Pearson cross correlations showed that both hemoglobin and MAP were related with blood flows, velocities and cross-sectional areas of feeding arterials (Table 4). Factoring out the contribution of MAP, hemoglobin was still negatively correlated with blood flows and average velocities of four arterials (Partial correlations; all P < 0.05; FDR corrected; Table 4), with peak velocity of bilateral VAs (Partial correlations; all P < 0.01; FDR corrected; Table 4), and with the cross-sectional area of left ICA. But, MAP was not correlated with any of hemodynamic measurements of four feeding arterials after controlling the contribution of hemoglobin (Partial correlations; all P > 0.05; FDR corrected; Table 4).

Table 4. Relationships between hemodynamic measurements of four feeding arterials, mean arterial pressure, or hemoglobin level.

Variables MAP
Hb
Pearson correlation Partial correlation controlling Hb Pearson correlation Partial correlation controlling MAP
 Right ICA 0.440** 0.042 −0.630*** −0.503***
 Left ICA 0.432** 0.149 −0.764*** −0.707***
 Right VA 0.338* 0.038 −0.474*** −0.356*
 Left VA 0.209 0.159 −0.476*** −0.460**
Peak velocity
 Right ICA 0.100 0.243 0.124 0.253
 Left ICA 0.096 0.258 0.146 0.279
 Right VA 0.319* 0.038 −0.521*** −0.436**
 Left VA 0.209 0.128 −0.447** −0.421**
Average velocity
 Right ICA 0.115 0.118 −0.303* −0.305*
 Left ICA 0.123 0.114 −0.310* −0.307*
 Right VA 0.496*** 0.079 −0.688*** −0.553***
 Left VA 0.499*** 0.143 −0.630*** −0.462**
Average crosssectional area
 Right ICA 0.315* 0.180 −0.281* 0.103
 Left ICA 0.290 0.013 −0.426** −0.327*
 Right VA 0.015 0.027 0.054 0.059
 Left VA 0.147 0.263 0.076 0.232
Minimal crosssectional area
 Right ICA 0.302 0.178 0.263 0.089
 Left ICA 0.264 0.005 −0.405** −0.319*
 Right VA 0.017 0.051 0.033 0.058
 Left VA 0.132 0.251 0.084 0.230
Maximal cross-sectional area
 Right ICA 0.334* 0.182 −0.309* 0.126
 Left ICA 0.271 0.007 −0.405** −0.312*
 Right VA 0.060 0.061 0.021 0.024
 Left VA 0.114 0.241 0.100 0.235
Total cross-sectional area, cm2 0.289 0.039 −0.398** −0.288*

Note: The data represent the coefficients of Pearson correlations or partial correlations.
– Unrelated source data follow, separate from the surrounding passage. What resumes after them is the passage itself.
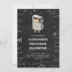 Adorável convite para a graduação pré-escolar com um tema matemático. A ilustração tem uma criança vestindo uma fantasia de calculadora sobre um fundo de quadro negro com equações matemáticas e fórmulas. Ilustrada e projetada por Patricia Alvarez.
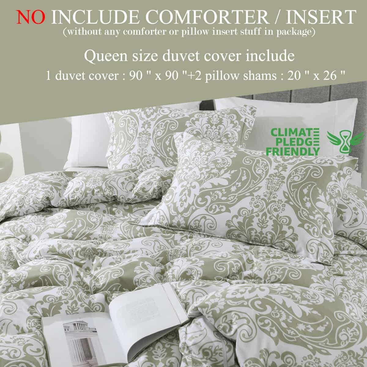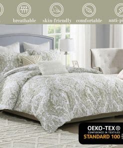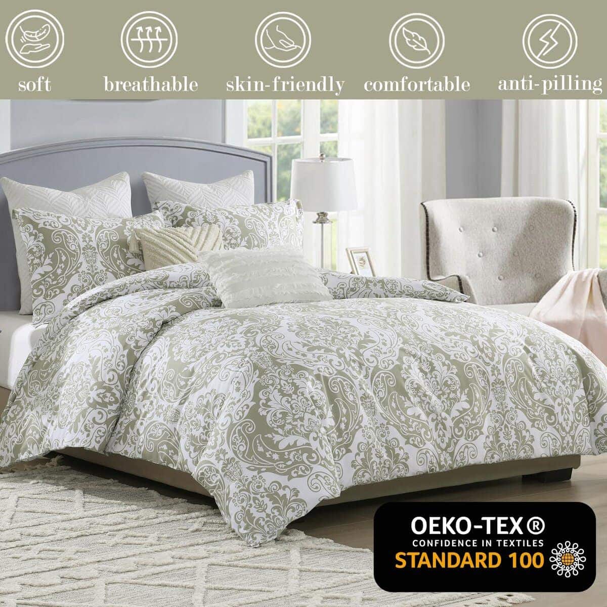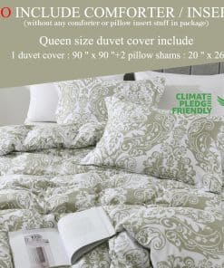Las fundas de edredón Quilta en tamaño queen están hechas de algodón 100% de alta densidad 400TC, que es suave, transpirable y cómodo para la piel. La funda de edredón es resistente a las arrugas, lavable a máquina y nunca se destiñe. El cierre de cremallera lateral invisible es más seguro y fácil de usar que los botones tradicionales. Los 8 lazos en las esquinas mantienen el edredón en su lugar. El diseño damasco es elegante y duradero, y con la certificación OEKO-TEX Standard 100, puedes estar seguro de la calidad de estos productos. Este juego incluye 1 funda de edredón queen size de 90″ x 90″ y 2 fundas de almohada de 20″ x 26″ (sin edredón). ¡Ideal para regalar en bodas, cumpleaños, Navidad y más!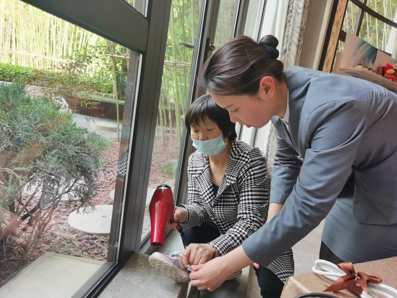 見此情景,項(xiàng)目客服人員來不及多想,穿著高跟鞋就直接踩進(jìn)水里,抱起孩子,順利把孩子交給奶奶后,客服不放心,擔(dān)心鞋子濕了會影響孩子的健康,去二樓拿吹風(fēng)機(jī)把孩子濕透的鞋襪吹干了,奶奶感激的說到:“小孩子太調(diào)皮了,謝謝,謝謝你們!”“您客氣了,這是我們應(yīng)該做的”客服微笑著回答。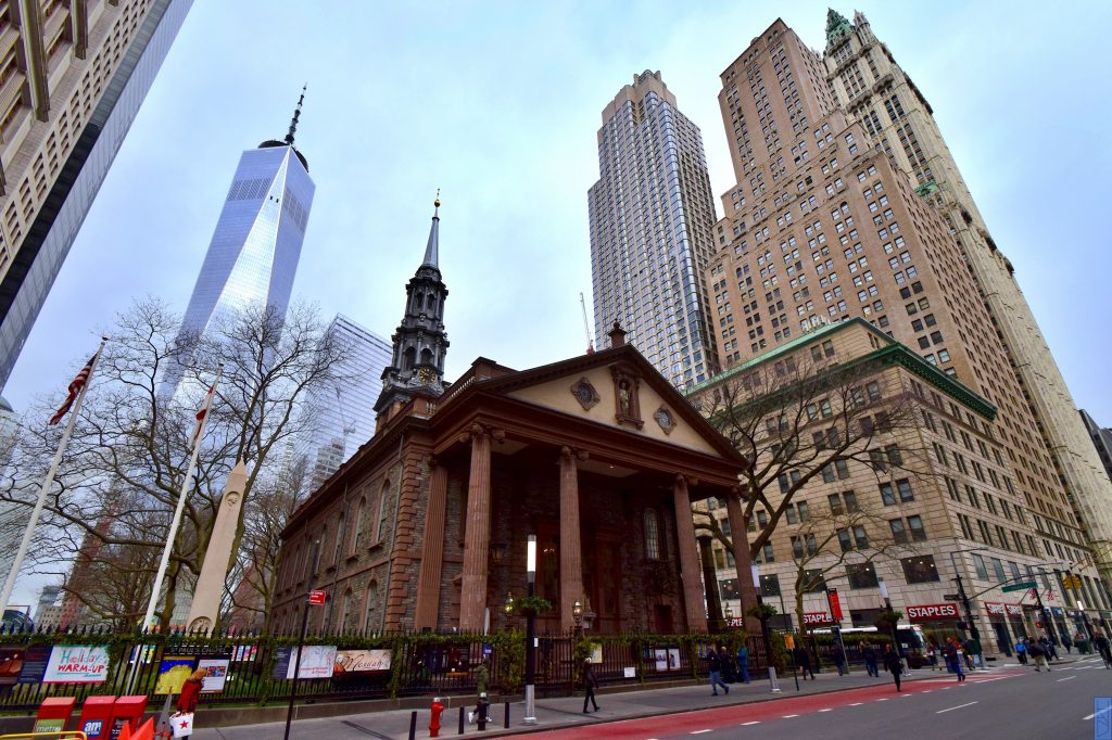 St. Paul’s Chapel an der Ecke Broadway und Fulton Street wurde 1764 für Anhänger der Church of England gebaut und ist das älteste, durchgehend benutzte Gebäude in New York.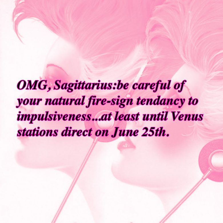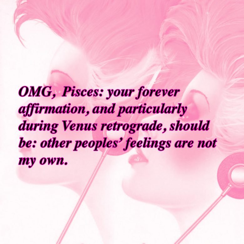 When Venus stations retrograde we go through those re-words about Venus qualities. Ex-lovers tend to re-emerge. Our money needs re-counting. We want to re-cycle our entire wardrobe. But since there is such intense energy during these times, any retrograde period is a bad time to make decisions regarding that planet’s function. Famously when Mercury stations retrograde, it’s a bad idea to make commitments or buy technology. Venus retrograde has similar qualities. Ruling Libra and the 7th house, Venus has to do with contracts – so a contract you sign during Venus retrograde might be one you find needs re-negotiating.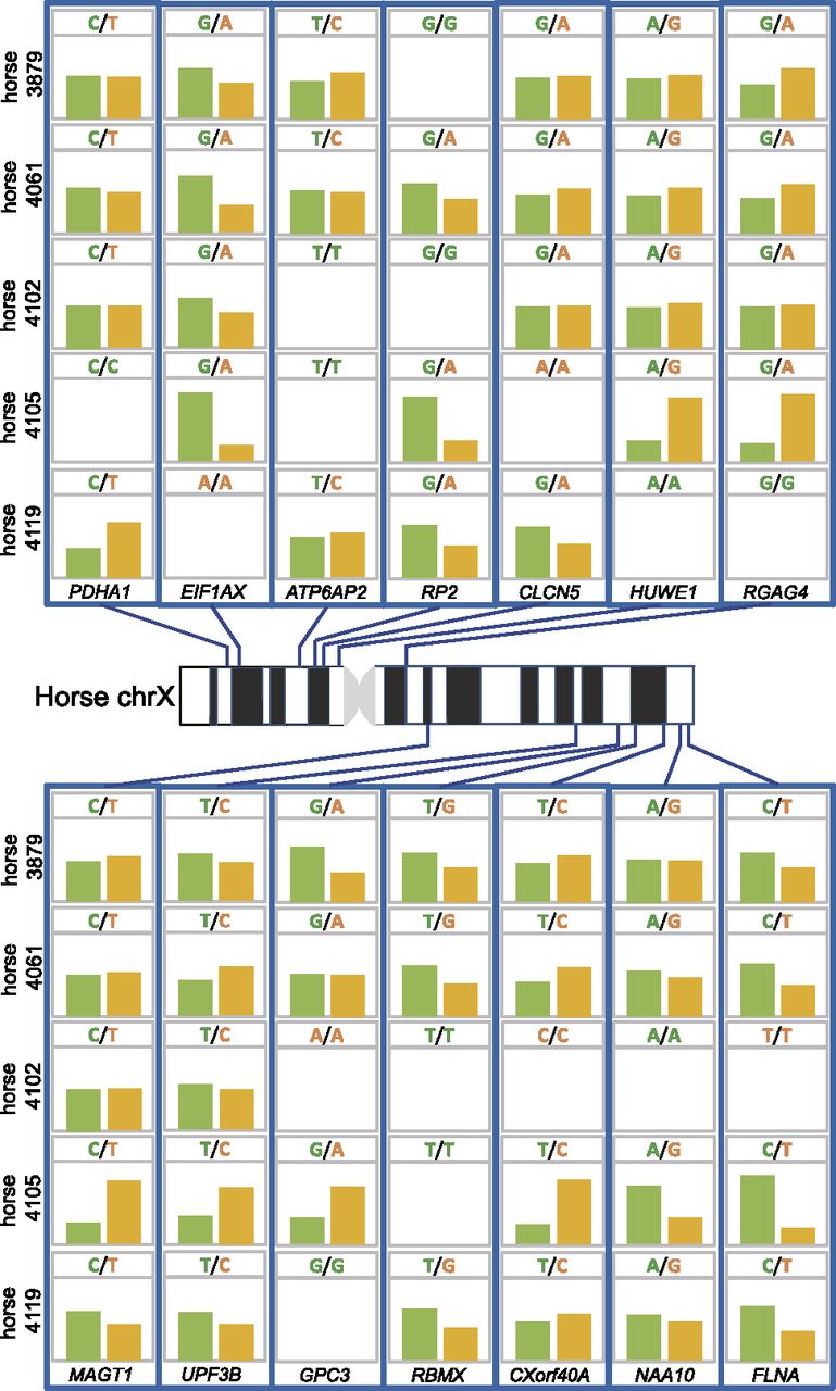Pyrosequencing results for 14 X-linked genes in female horse chorionic girdle trophoblast samples. Plotted are allele-specific expression percentages in horse day 33 chorionic girdle samples quantified by pyrosequencing in five female horse samples. (Green) Horse reference allele; (orange) alternative allele. Uninformative homozygous loci are not shown. We observed variable biallelic expression for all 14 genes rather than preferential maternal expression, suggesting random X inactivation in horse placenta. Within genes, we also observed the cis-eQTL effect (EIF1AX, RGAG4, RBMX, and FLNA). The horse X chromosome ideogram was drawn from the work by Bowling et al. (1997).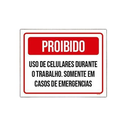 Placa Proibido Uso Celulare Durante Trabalho 27x35 - Informações do Produto: Placas decorativas fabricadas com poliestireno de alto impacto PSAI de 2mm e adesivo vinil automotivo de alta performance. - Medidas: 27cm x 35cm - Fixação: Todas as placas possuem adesivo dupla face para aplicação em qualquer tipo de superfície lisa. de 12 meses e disponibilidade imediata.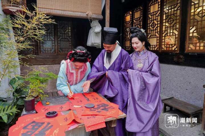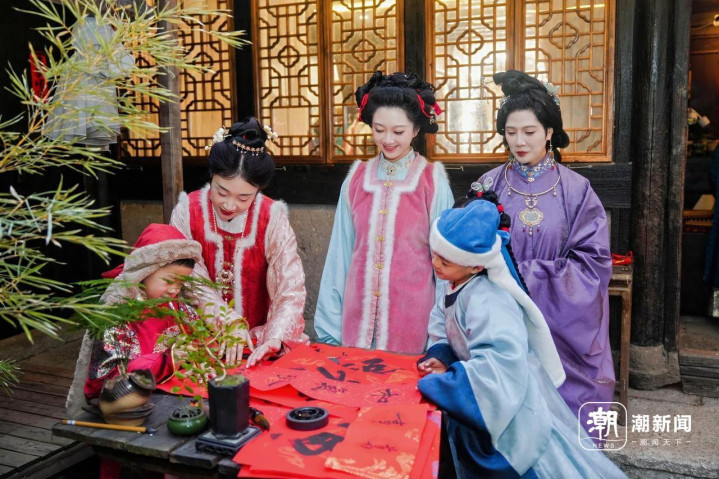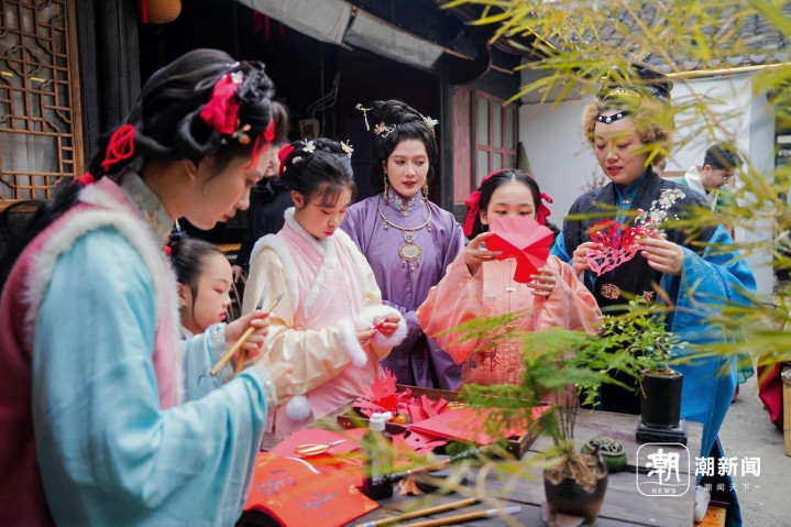 1月25日,“如故国风体验馆”张灯结彩,热闹非凡。体验馆内,身着各种传统服饰的市民们或围坐一起写福字、剪窗花,或相互交流传统服饰文化。小朋友们在家长的带领下,好奇地摆弄着剪纸工具,一笔一划写下稚嫩却饱含祝福的“福”字。

*stands for FDR-corrected P < 0.05; **stands for FDR-corrected P < 0.01; ***stands for FDR-corrected P < 0.001. ICA = internal carotid artery; VA = vertebral artery; MAP = mean arterial pressure; Hb = hemoglobin.

The serum calcium levels of our patients (2.21 ± 0.16 mmol/L) were nearly normal (normal range: 2.02–2.60 mmol/L), whereas their phosphorus levels (2.04 ± 0.47 mmol/L) were higher than normal level (normal range: 0.81–1.65 mmol/L). There were significant correlations in HD patients between calcium and tCBF or hemoglobin (Pearson correlations; r = 0.44, P = 0.01, and r = 0.45, P = 0.009, respectively; uncorrected). No correlation was found among patients between their MRI measurements and their hemodialysis duration, phosphorus, or calcium*phosphorus (Pearson correlations; all P > 0.05; uncorrected).

Discussion

This study found that there were strong correlations among elevated MAP, decreased hemoglobin and elevated CBF in young ESRD HD adults. Hemoglobin level was negatively correlated with CBF, whereas MAP was not related to CBF after controlling hemoglobin. Moreover, we found decreased COD and unchanged CVR of HD group compared with controls. Increased CBFs can be attributed to dilated bilateral ICAs and increased flow velocity of bilateral VAs. The relationships among anemia, hypertension and CBF and the patterns of changes in CBF, COD and CVR provide us a better understanding about the abnormal autoregulation mechanism in young ESRD HD adults.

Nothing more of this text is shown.